Stored dataset items
○ ○ ○ ○ ○ ○ ○

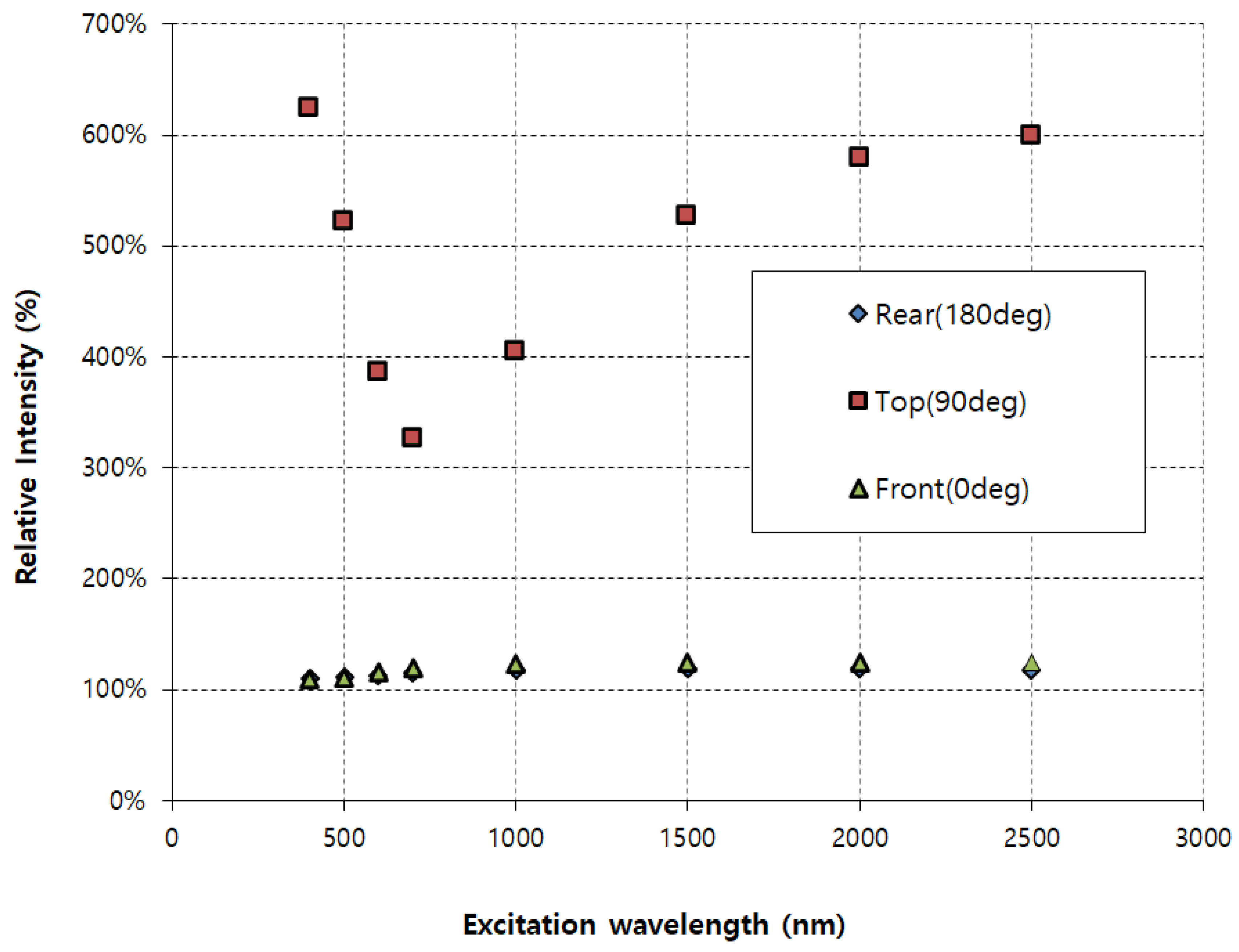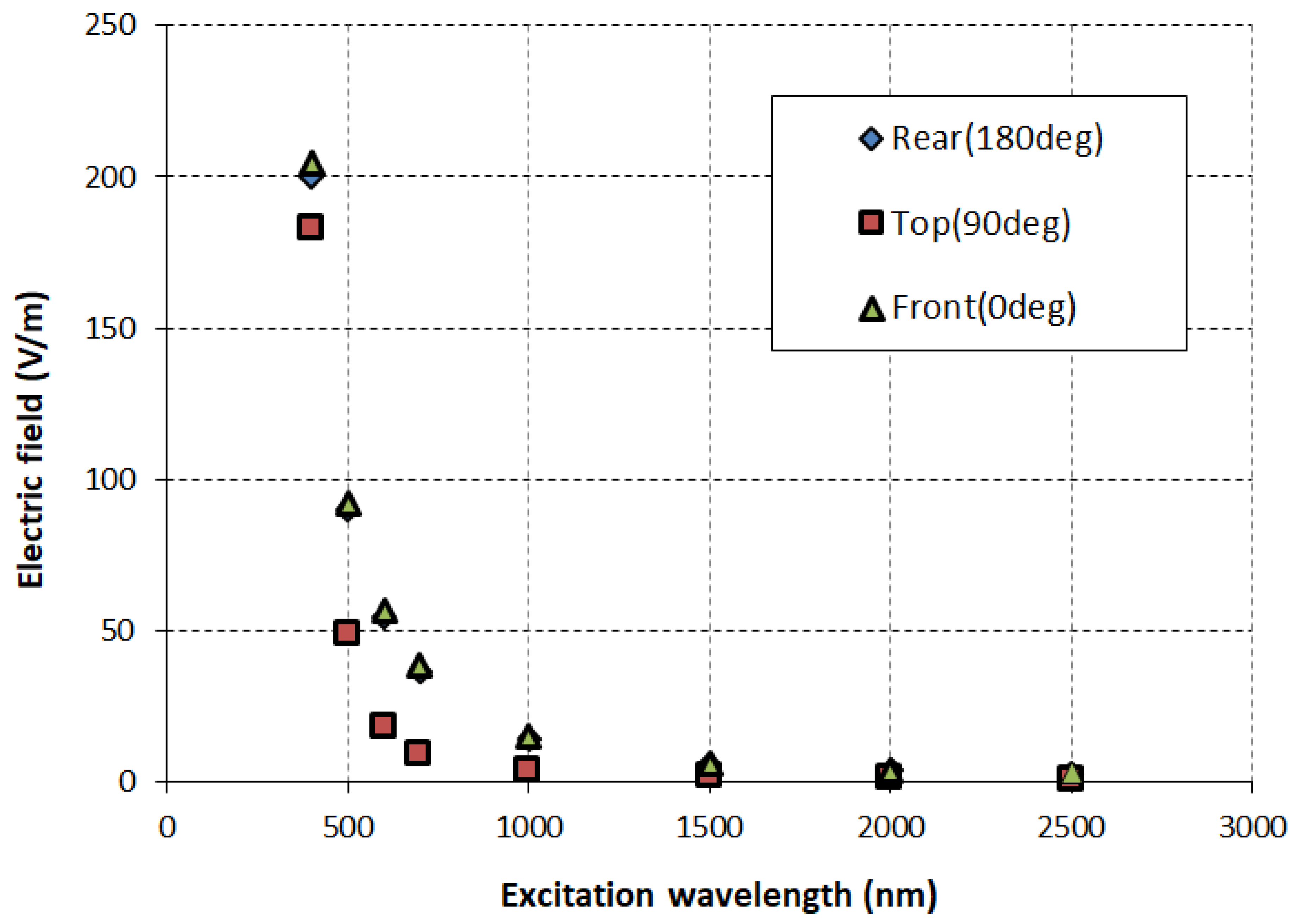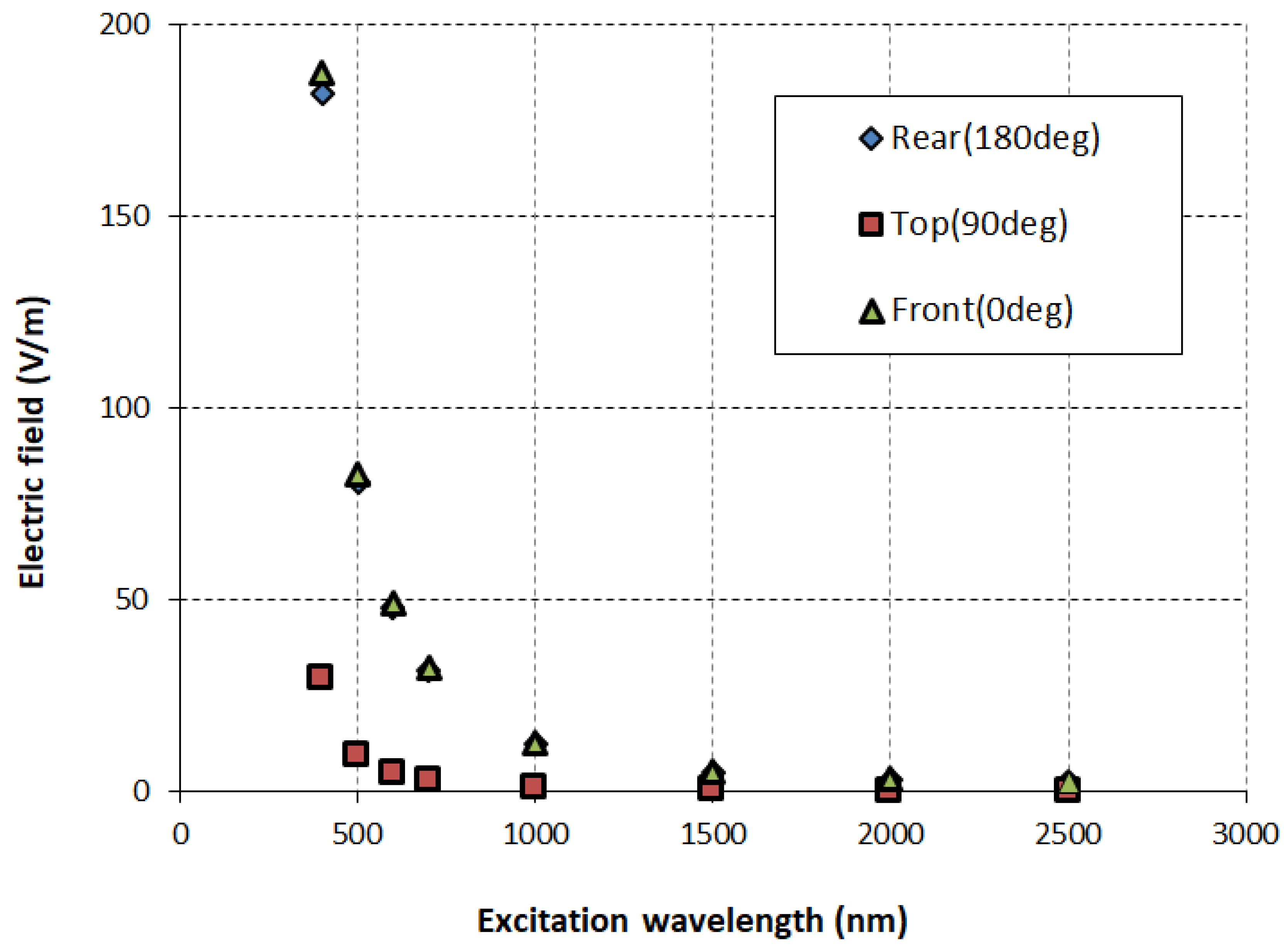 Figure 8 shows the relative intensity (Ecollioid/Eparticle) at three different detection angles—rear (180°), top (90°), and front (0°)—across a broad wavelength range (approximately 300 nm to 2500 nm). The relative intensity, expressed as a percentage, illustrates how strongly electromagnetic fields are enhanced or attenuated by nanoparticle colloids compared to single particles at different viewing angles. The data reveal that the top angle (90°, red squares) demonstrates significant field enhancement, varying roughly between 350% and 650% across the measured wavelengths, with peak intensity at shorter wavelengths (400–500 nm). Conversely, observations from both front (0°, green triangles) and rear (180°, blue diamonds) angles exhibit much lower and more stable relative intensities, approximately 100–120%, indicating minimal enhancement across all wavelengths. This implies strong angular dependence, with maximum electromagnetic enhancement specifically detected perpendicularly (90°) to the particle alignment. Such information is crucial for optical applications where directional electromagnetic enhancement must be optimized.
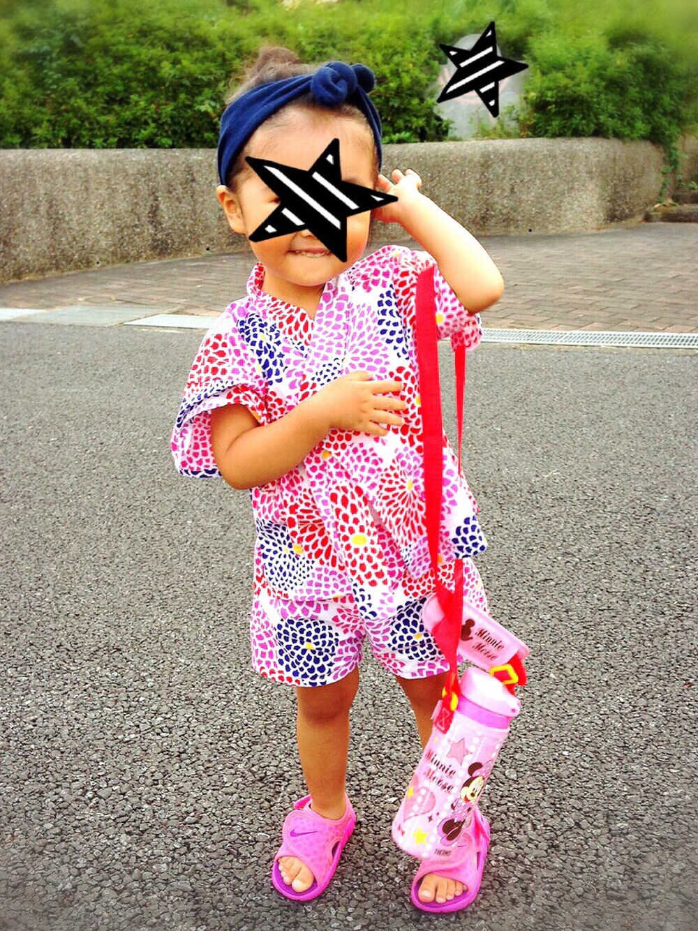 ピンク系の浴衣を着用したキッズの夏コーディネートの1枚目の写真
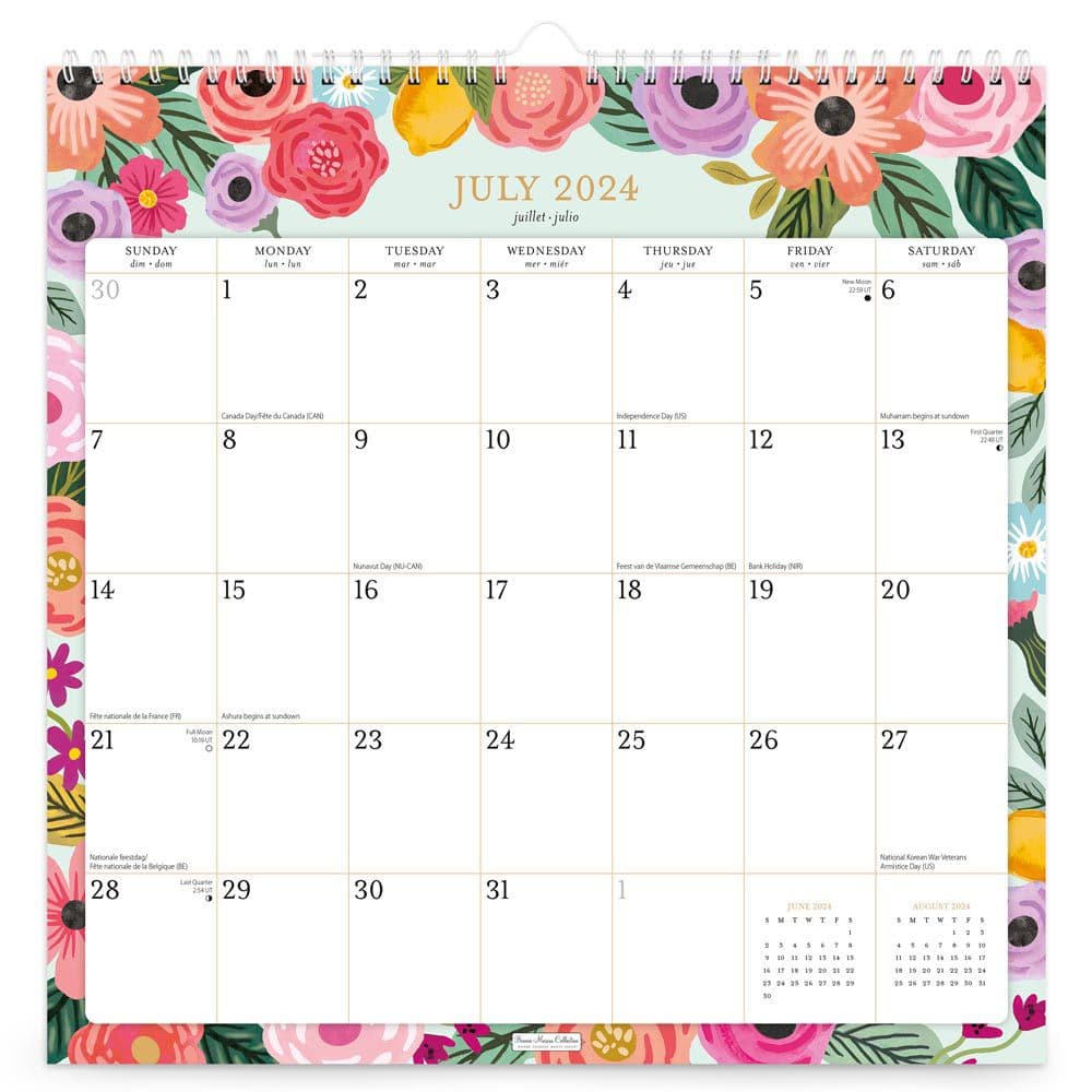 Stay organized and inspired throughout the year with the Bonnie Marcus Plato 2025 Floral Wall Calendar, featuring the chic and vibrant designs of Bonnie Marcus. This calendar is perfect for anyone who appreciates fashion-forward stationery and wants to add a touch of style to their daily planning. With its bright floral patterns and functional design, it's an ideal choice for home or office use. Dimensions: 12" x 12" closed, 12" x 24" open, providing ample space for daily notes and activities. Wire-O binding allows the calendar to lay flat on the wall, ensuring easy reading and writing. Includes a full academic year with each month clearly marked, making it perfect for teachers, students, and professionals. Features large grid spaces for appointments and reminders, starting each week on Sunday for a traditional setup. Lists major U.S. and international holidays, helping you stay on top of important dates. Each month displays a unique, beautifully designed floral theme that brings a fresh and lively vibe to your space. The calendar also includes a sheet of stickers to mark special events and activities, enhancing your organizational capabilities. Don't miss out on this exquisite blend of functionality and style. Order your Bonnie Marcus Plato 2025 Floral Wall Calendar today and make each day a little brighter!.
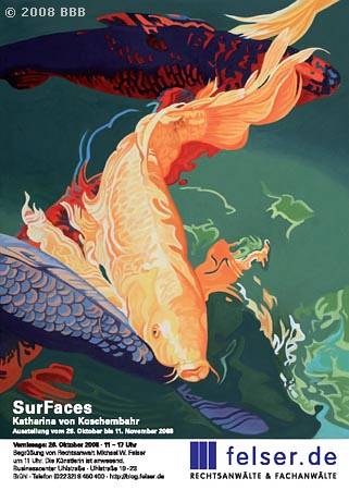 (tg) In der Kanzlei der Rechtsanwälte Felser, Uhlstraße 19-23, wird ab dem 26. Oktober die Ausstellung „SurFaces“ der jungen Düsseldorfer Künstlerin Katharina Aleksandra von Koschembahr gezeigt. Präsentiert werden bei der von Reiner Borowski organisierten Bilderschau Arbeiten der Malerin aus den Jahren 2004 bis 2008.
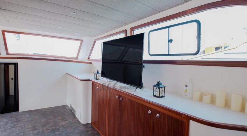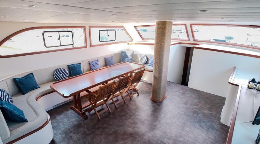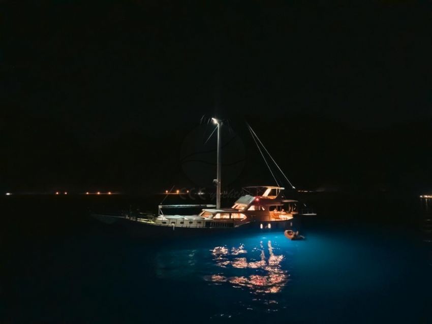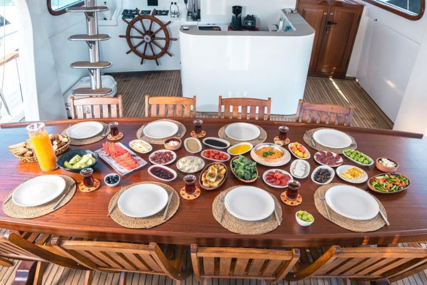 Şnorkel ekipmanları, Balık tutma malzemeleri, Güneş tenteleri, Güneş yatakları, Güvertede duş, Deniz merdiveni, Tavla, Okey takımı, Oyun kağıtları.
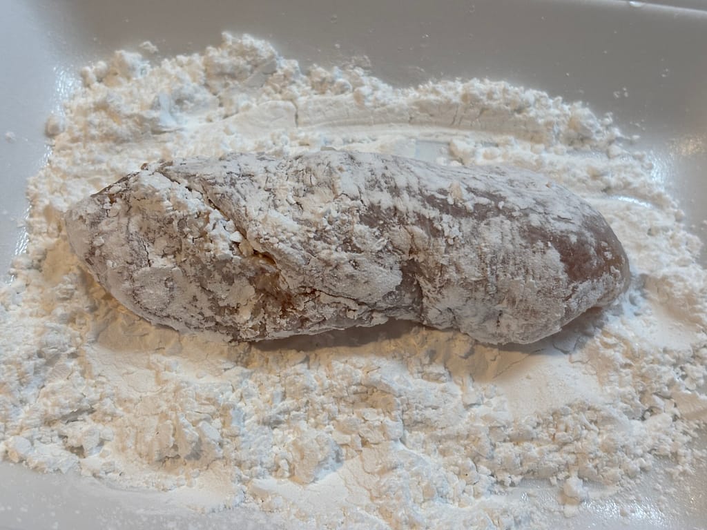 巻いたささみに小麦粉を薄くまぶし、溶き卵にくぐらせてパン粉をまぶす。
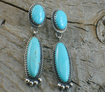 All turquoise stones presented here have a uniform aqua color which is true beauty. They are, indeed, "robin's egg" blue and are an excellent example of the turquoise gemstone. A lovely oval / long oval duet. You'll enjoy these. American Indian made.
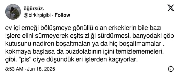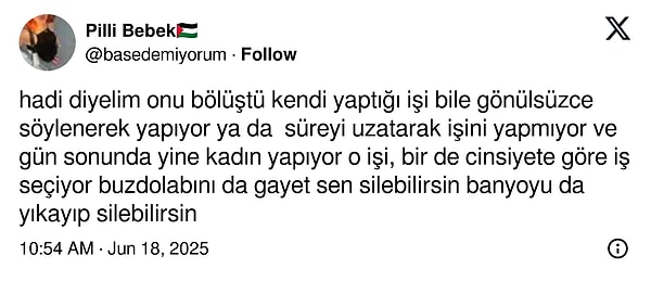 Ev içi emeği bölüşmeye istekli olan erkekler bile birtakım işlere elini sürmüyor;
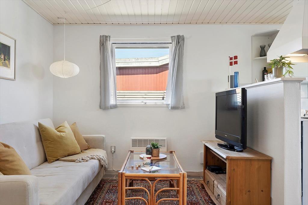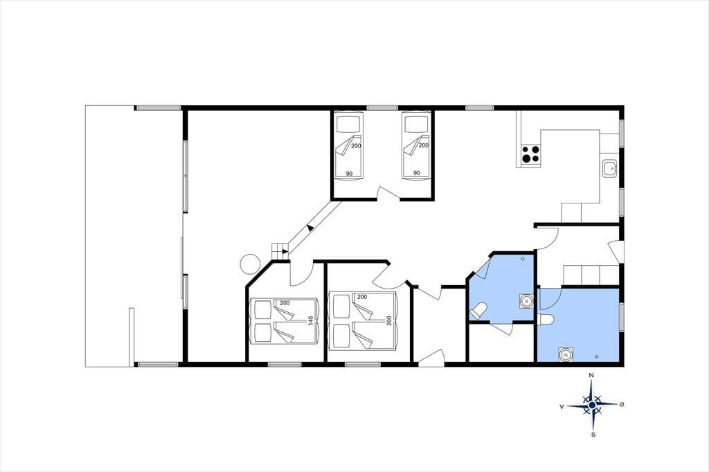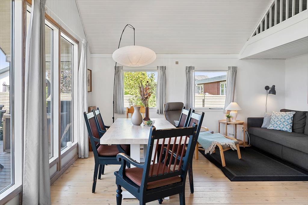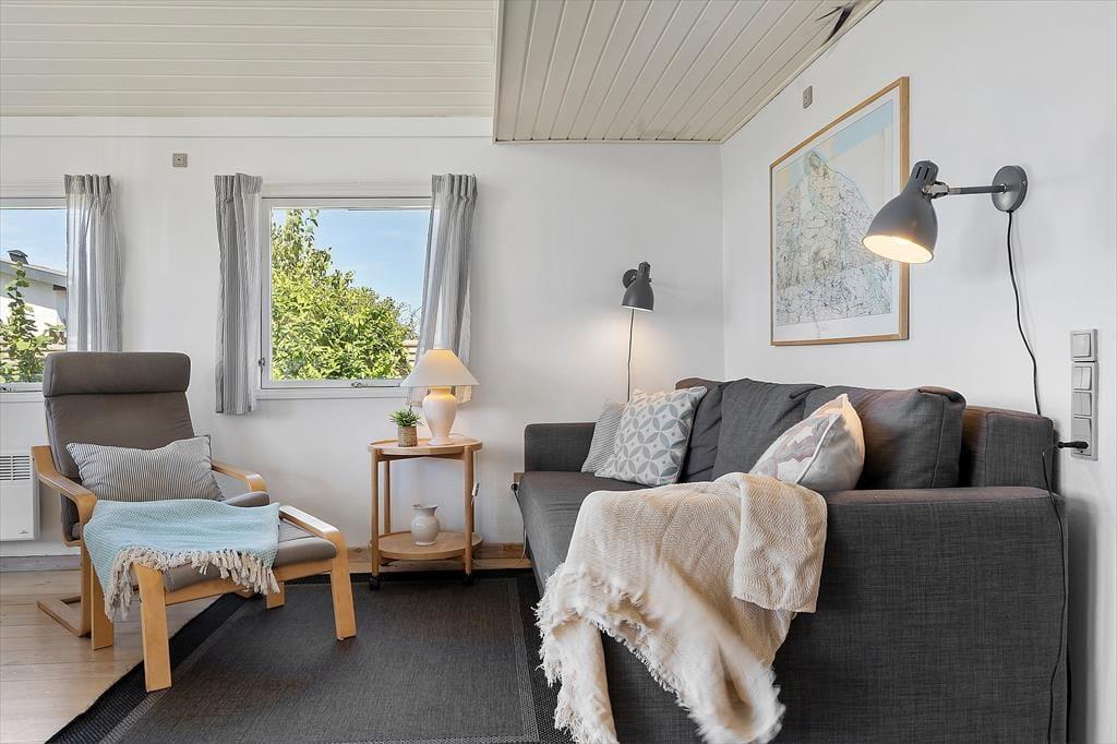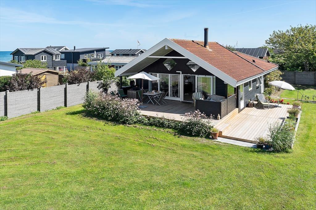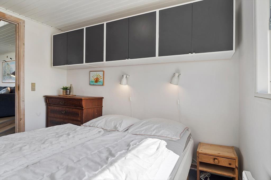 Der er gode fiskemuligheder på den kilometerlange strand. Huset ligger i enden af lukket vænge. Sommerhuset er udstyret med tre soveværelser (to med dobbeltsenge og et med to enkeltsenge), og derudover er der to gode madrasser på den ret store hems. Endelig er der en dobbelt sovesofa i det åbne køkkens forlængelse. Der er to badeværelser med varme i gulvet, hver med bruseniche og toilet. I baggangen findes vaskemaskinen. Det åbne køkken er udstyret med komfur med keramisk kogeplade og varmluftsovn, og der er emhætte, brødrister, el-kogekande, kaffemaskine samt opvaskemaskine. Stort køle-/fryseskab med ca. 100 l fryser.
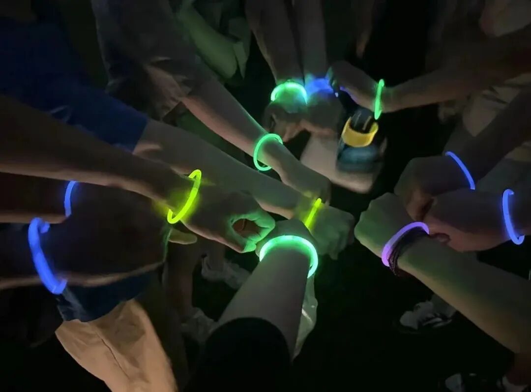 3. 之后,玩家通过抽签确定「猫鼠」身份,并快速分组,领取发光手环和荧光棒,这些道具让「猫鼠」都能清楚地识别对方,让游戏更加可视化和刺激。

○ ○ ○ ○ ○ ○ ○

> _What to do_: Could you output exactly the lines above, from the line with "(tg) In der" up to and including the line with "巻いたささみに小麦粉を薄くまぶし、溶き卵にくぐらせてパン粉をまぶす。", and nothing else, skipping the pictures?

> _Solution for this task_:
 (tg) In der Kanzlei der Rechtsanwälte Felser, Uhlstraße 19-23, wird ab dem 26. Oktober die Ausstellung „SurFaces“ der jungen Düsseldorfer Künstlerin Katharina Aleksandra von Koschembahr gezeigt. Präsentiert werden bei der von Reiner Borowski organisierten Bilderschau Arbeiten der Malerin aus den Jahren 2004 bis 2008.
 Şnorkel ekipmanları, Balık tutma malzemeleri, Güneş tenteleri, Güneş yatakları, Güvertede duş, Deniz merdiveni, Tavla, Okey takımı, Oyun kağıtları.
 巻いたささみに小麦粉を薄くまぶし、溶き卵にくぐらせてパン粉をまぶす。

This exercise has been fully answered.